The movements of retracting the chin, stretching the neck and squeezing the shoulder blades help office workers reduce neck and shoulder pain and increase work efficiency.
MSc Tran Van Dan, Department of Physical Therapy and Rehabilitation, Tam Anh General Hospital, Hanoi, said that office workers sit for long periods of time causing reduced blood circulation, increasing pressure on the musculoskeletal system. Muscle groups of the neck, shoulders and back that maintain the same position for too long are susceptible to contraction and stiffness, thereby forming dull pain that lasts or recurs many times. Sitting for long periods of time also has a negative impact on overall health, slowing down metabolism, risk of overweight, metabolic disorders and cardiovascular diseases.
Office workers should combine exercise with sitting to improve health, reduce stress and fatigue and increase productivity. Master Dan instructs three movements that office workers can do right at their desk to reduce neck and shoulder fatigue.
Chin retracting exercise
The practitioner sits with his back straight, looks forward, places his fingers on his chin, slowly pushes his chin and head straight back until he feels tension in the head and neck area. Hold the position for 5 seconds, then return to the starting position. Repeat this process about 10 times or more until you feel comfortable. This exercise helps restore a straight head position and is recommended for people with “turtle neck syndrome”, leaning forward, and hunched shoulders commonly found in office workers.
A physical therapist instructs you on chin retraction exercises. Image: Tam Anh General Hospital
Lateral neck strain
The practitioner sits straight, right hand placed on the top of the head on the left side, gently tilts the head to the right, using hand strength to help bring the ear closer to the right shoulder. The left hand can be placed under the buttocks or clinging to the edge of the chair to increase tension. Be careful not to shrug your shoulders toward your ears, let your shoulders relax completely. Hold for 20-30 seconds, then switch sides. This exercise focuses on relaxing the shoulder muscles (upper trapezius muscle), which often becomes tight when working with a computer.
Squeeze your shoulder blades
Shoulder blade compression helps expand the chest and activate the muscle groups between the shoulder blades, reducing the burden on the neck area.
The practitioner stands or sits straight, arms relaxed along the body. Slowly squeeze your shoulder blades together (imagine trying to hold a pen in the middle of your back). Hold this position for 5 seconds, then relax. Do 10-15 times.
Therapy with a shock wave generator helps office workers reduce neck and shoulder pain. Image: Tam Anh General Hospital
Master Dan noted that in addition to the above three exercises, office workers should maintain the correct sitting posture, sit straight, adjust the chair, desk, and screen to the correct eye level to help maintain physiological posture, limit muscle tension and pain due to incorrect posture. After every 45-60 consecutive hours of sitting, you should stand up and walk around to stimulate blood circulation and reduce stagnation in the shoulder muscles and joints.
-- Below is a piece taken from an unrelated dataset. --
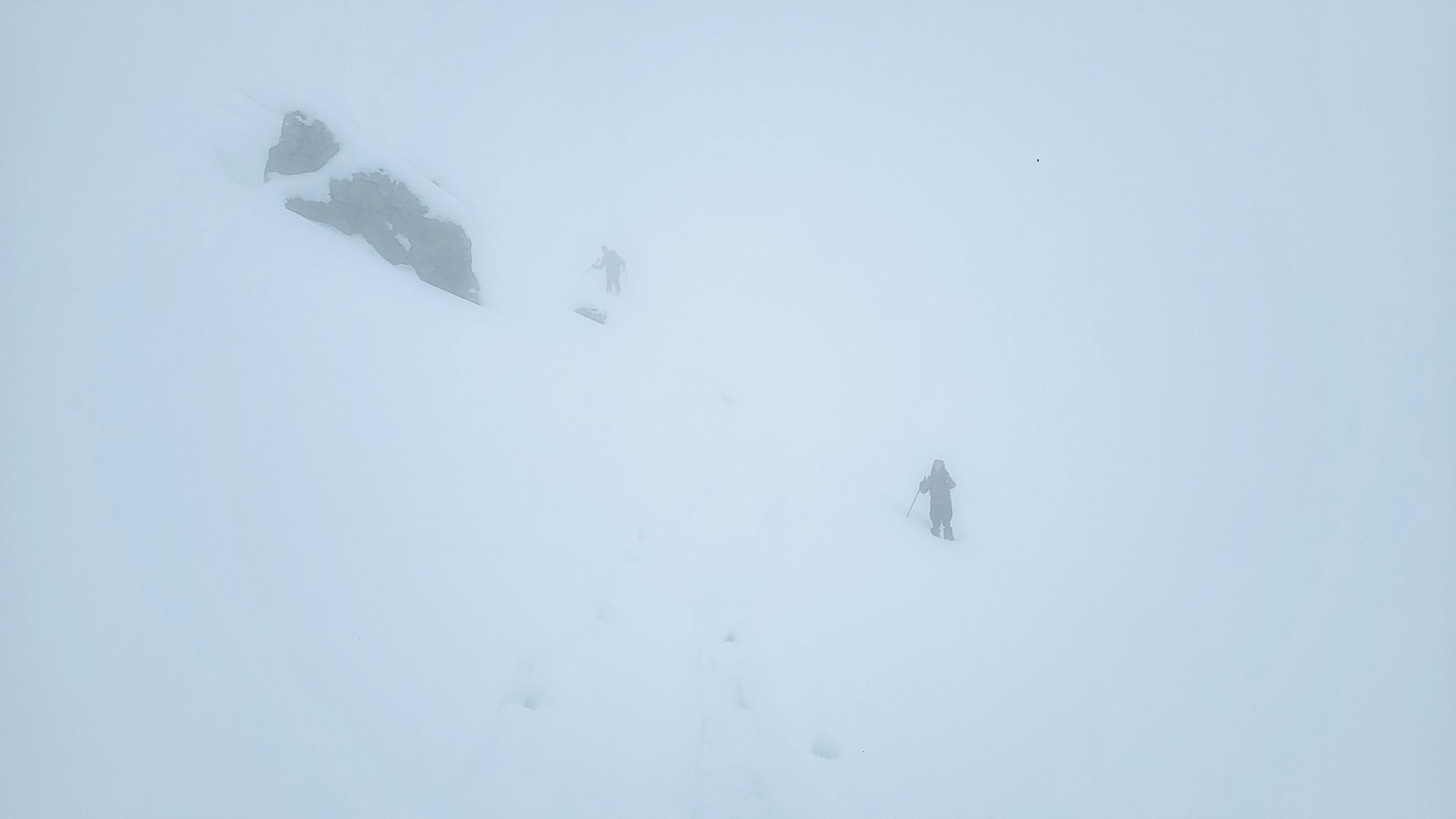 Start in der Weglosen mit Ziel Twäriberglücke/Chläbdächer. Forststrasse Richtung Druesberghütte gut eingeschneit und gut begangen, wir sind bei P1349 auf angelegter Spur richtung Steinhüttli abgebogen. Beim Chalberalpeli auf 1900müM in einen totalen Whiteout gekommen und anschliessend quasi Blind einer Aufstiegsspur zurück zur Druesberhütte entlanggerutscht.
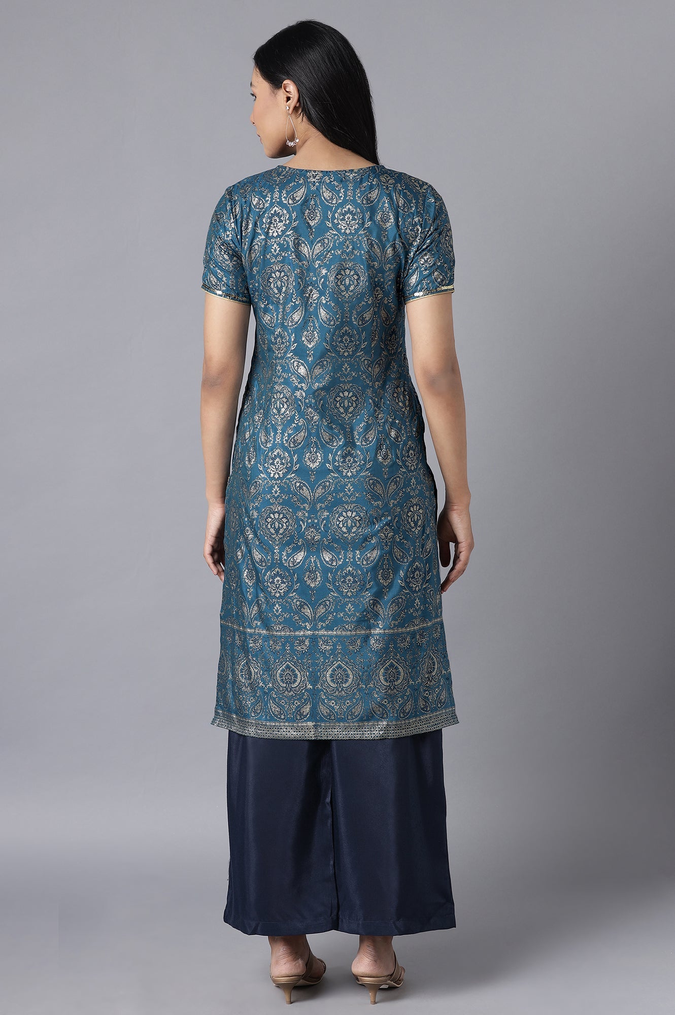 Twilight blue kurta having glittered floral print and sequin detailing. This straight silhouette kurta also features V-neck and short sleeves. It comes with solid blue palazzo in mid-rise and elasticated waistband.

If the shoulder shows signs of persistent pain and does not improve with regular exercise, the patient should go for examination at a multi-specialty hospital, combining musculoskeletal, physical therapy and rehabilitation. Depending on the condition, the doctor prescribes some initial methods such as electroshock, ultrasound therapy, shock waves, exercise… to help relax, reduce pain and increase effectiveness when combined with exercise.